» **REQUIRED WORK**
Print the records below exactly, and do not carry over any picture.

» **INPUT MATERIAL**
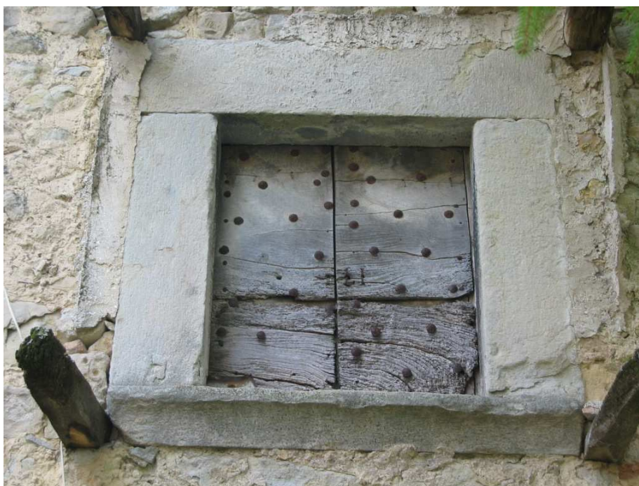
Foto n. 17: Miralago. Edificio rurale del XV sec. Particolare della finestra
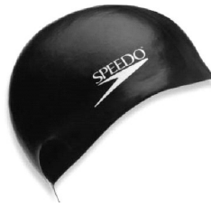
Speedo Plain Moulded Silicone

Ja, ik wil graag nieuwe polocap's en/of badmutsen bestellen.
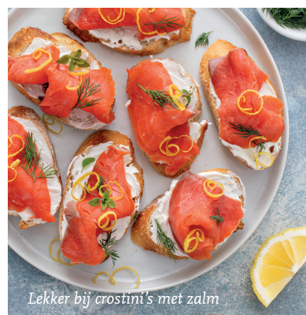
Lekker bij crostini's met zalm

93/100 punten | Incredible intensity JAMESUCKLING.COM - OKTOBER 2025
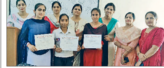
चरखी दादरी। प्रतियोगिता की विजेता छात्राओं को सम्मानित करते अतिथि।

बवानीखेड़ा। मिलकपुर स्थित आनंद स्कूल फॉर एक्सीलेस में गुरु नानक देव जयंती बड़े हर्षोल्लास और श्रद्धा के साथ मनाई। कार्यक्रम की शुरुआत प्राइमरी कक्षाओं के विद्यार्थियों द्वारा निकाली गई प्रगत फेरी से हुई, जिसमें बच्चों ने गुरु वाणी का पाठ किया और पूरे विद्यालय परिसर में पवित्र वातावरण बना दिया। बच्चों ने मधुर भजन के माध्यम से गुरु नानकदेव के उपदेशों और शिक्षाओं का संदेश दिया। कार्यक्रम में शिक्षकों ने भी सक्रिय रूप से भाग लिया और गुरुजी के जीवन से जुड़ी प्रेरणादायक बातें साझा कीं।
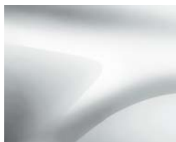
BLANC GLACIER (1)
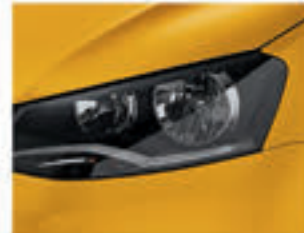
Amarelo Solaris 6U6U
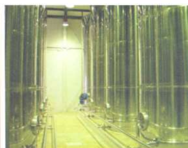
Depósitos para Aceite

Crta. Tomelloso, Km. 1,8 - 02600 VILLARROBLEDO (Albacete) Tlf: 902 141 533 Fax: 967 145 875 E-mail: comercial.parcitank@polalsa.com Web: www.polalsa.com
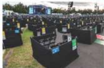
PALCOS, ayer, en el Autódromo Hermanos Rodríguez.

Vuelven a la ciudad conciertos masivos... pero en palcos; Ángeles Azules inauguran modalidad pág. 21
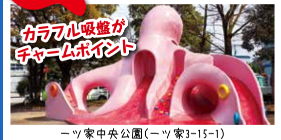
カラフル吸盤が チャームポイント
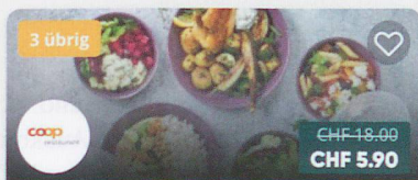
Coop Restaurant - Coop City Marktpl...
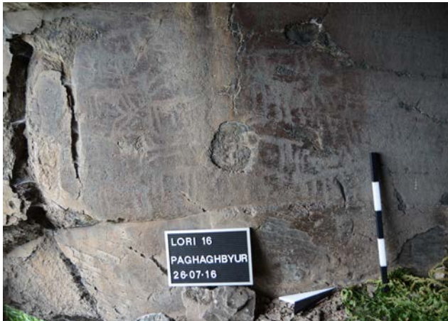
Նկար 3. Պաղաղբյուրի ժայռապատկերները (Մ. Հերլես)

Ժայռը մասնակիորեն վնասված է, այնպես որ դրա նախկին չափսի մասին կարելի է միայն ենթադրել: Ժայռապատկերներն արված են 1,20x 0,7 մ մակերեսի վրա, կազմված են բազմաթիվ մանր ակուններից, որոնք արված են, հավանաբար, քարե թակիչի զարկերով (նկ. 3):
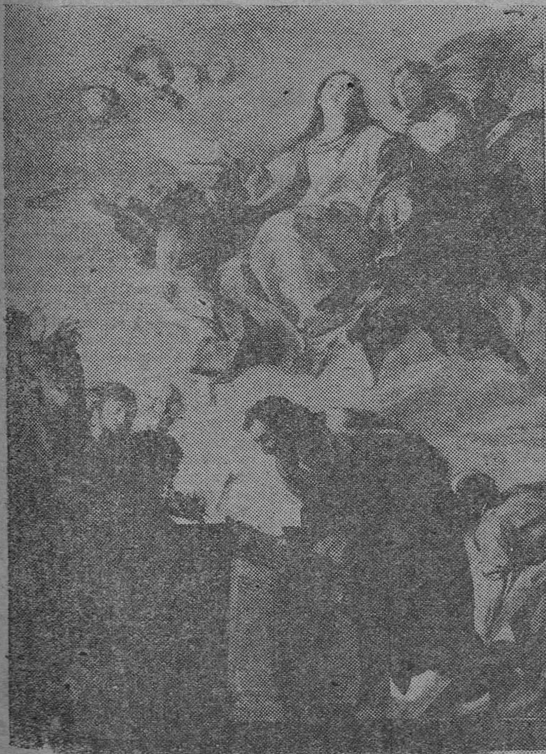
Quince de Agosto. Día de la Asunción de la Virgen. Cuadro de Cerezo que figura en el Museo del Prado

En esta época del año cristiano la de los cielos claros, diafanos, que parecen de diluido oriente de penla, hay unos días en que todos los pueblos de España, en sus ciudades, en sus aldeas, en sus villas, por humildes que sean, a orilla del mar, o en la montaña, siguen fervorosamente el vuelo de
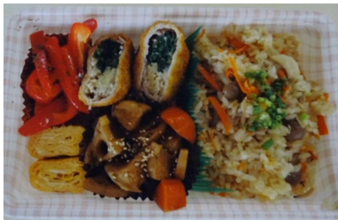
れんれんのお弁当（久留米市外三市町高等学校組合立三井中央高等学校）
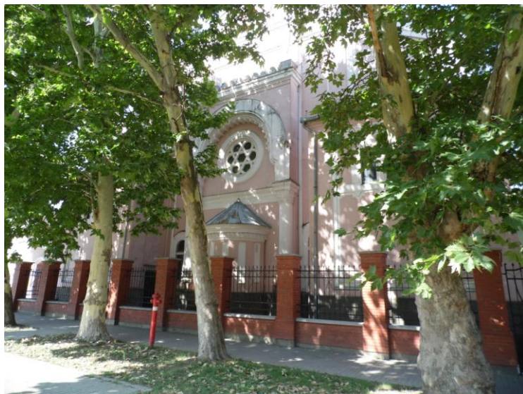
7. Zsinagóga a Mártírok terén-platánok között.

Nyíregyháza a nemzetiségek városa is egyben, hisz a roma kisebbség mellett élnek itt szlovákok (hagyományos kifejezéssel „tírpákok”) lengyelek, németek, örmények, ruszinok, ukránok. Nem etnikai kisebbségként, hanem felekezetként, de jelentős a hatásuk Nyíregyháza kulturális-szellemi életére a zsidó hitközség múltbéli és jelenbeli tagjainak is. A kulturális sokszínűség jegyében kiemelt figyelmet fordítottunk ezen kisebbségek szellemi-tárgyi örökségének és értékeinek feltárására is.

» **COMPLETED TASK**
Foto n. 17: Miralago. Edificio rurale del XV sec. Particolare della finestra
Speedo Plain Moulded Silicone

Ja, ik wil graag nieuwe polocap's en/of badmutsen bestellen.
Lekker bij crostini's met zalm

93/100 punten | Incredible intensity JAMESUCKLING.COM - OKTOBER 2025
चरखी दादरी। प्रतियोगिता की विजेता छात्राओं को सम्मानित करते अतिथि।

बवानीखेड़ा। मिलकपुर स्थित आनंद स्कूल फॉर एक्सीलेस में गुरु नानक देव जयंती बड़े हर्षोल्लास और श्रद्धा के साथ मनाई। कार्यक्रम की शुरुआत प्राइमरी कक्षाओं के विद्यार्थियों द्वारा निकाली गई प्रगत फेरी से हुई, जिसमें बच्चों ने गुरु वाणी का पाठ किया और पूरे विद्यालय परिसर में पवित्र वातावरण बना दिया। बच्चों ने मधुर भजन के माध्यम से गुरु नानकदेव के उपदेशों और शिक्षाओं का संदेश दिया। कार्यक्रम में शिक्षकों ने भी सक्रिय रूप से भाग लिया और गुरुजी के जीवन से जुड़ी प्रेरणादायक बातें साझा कीं।
BLANC GLACIER (1)
Amarelo Solaris 6U6U
Depósitos para Aceite

Crta. Tomelloso, Km. 1,8 - 02600 VILLARROBLEDO (Albacete) Tlf: 902 141 533 Fax: 967 145 875 E-mail: comercial.parcitank@polalsa.com Web: www.polalsa.com
PALCOS, ayer, en el Autódromo Hermanos Rodríguez.

Vuelven a la ciudad conciertos masivos... pero en palcos; Ángeles Azules inauguran modalidad pág. 21
カラフル吸盤が チャームポイント
Coop Restaurant - Coop City Marktpl...
Նկար 3. Պաղաղբյուրի ժայռապատկերները (Մ. Հերլես)

Ժայռը մասնակիորեն վնասված է, այնպես որ դրա նախկին չափսի մասին կարելի է միայն ենթադրել: Ժայռապատկերներն արված են 1,20x 0,7 մ մակերեսի վրա, կազմված են բազմաթիվ մանր ակուններից, որոնք արված են, հավանաբար, քարե թակիչի զարկերով (նկ. 3):
Quince de Agosto. Día de la Asunción de la Virgen. Cuadro de Cerezo que figura en el Museo del Prado

En esta época del año cristiano la de los cielos claros, diafanos, que parecen de diluido oriente de penla, hay unos días en que todos los pueblos de España, en sus ciudades, en sus aldeas, en sus villas, por humildes que sean, a orilla del mar, o en la montaña, siguen fervorosamente el vuelo de
れんれんのお弁当（久留米市外三市町高等学校組合立三井中央高等学校）
7. Zsinagóga a Mártírok terén-platánok között.

Nyíregyháza a nemzetiségek városa is egyben, hisz a roma kisebbség mellett élnek itt szlovákok (hagyományos kifejezéssel „tírpákok”) lengyelek, németek, örmények, ruszinok, ukránok. Nem etnikai kisebbségként, hanem felekezetként, de jelentős a hatásuk Nyíregyháza kulturális-szellemi életére a zsidó hitközség múltbéli és jelenbeli tagjainak is. A kulturális sokszínűség jegyében kiemelt figyelmet fordítottunk ezen kisebbségek szellemi-tárgyi örökségének és értékeinek feltárására is.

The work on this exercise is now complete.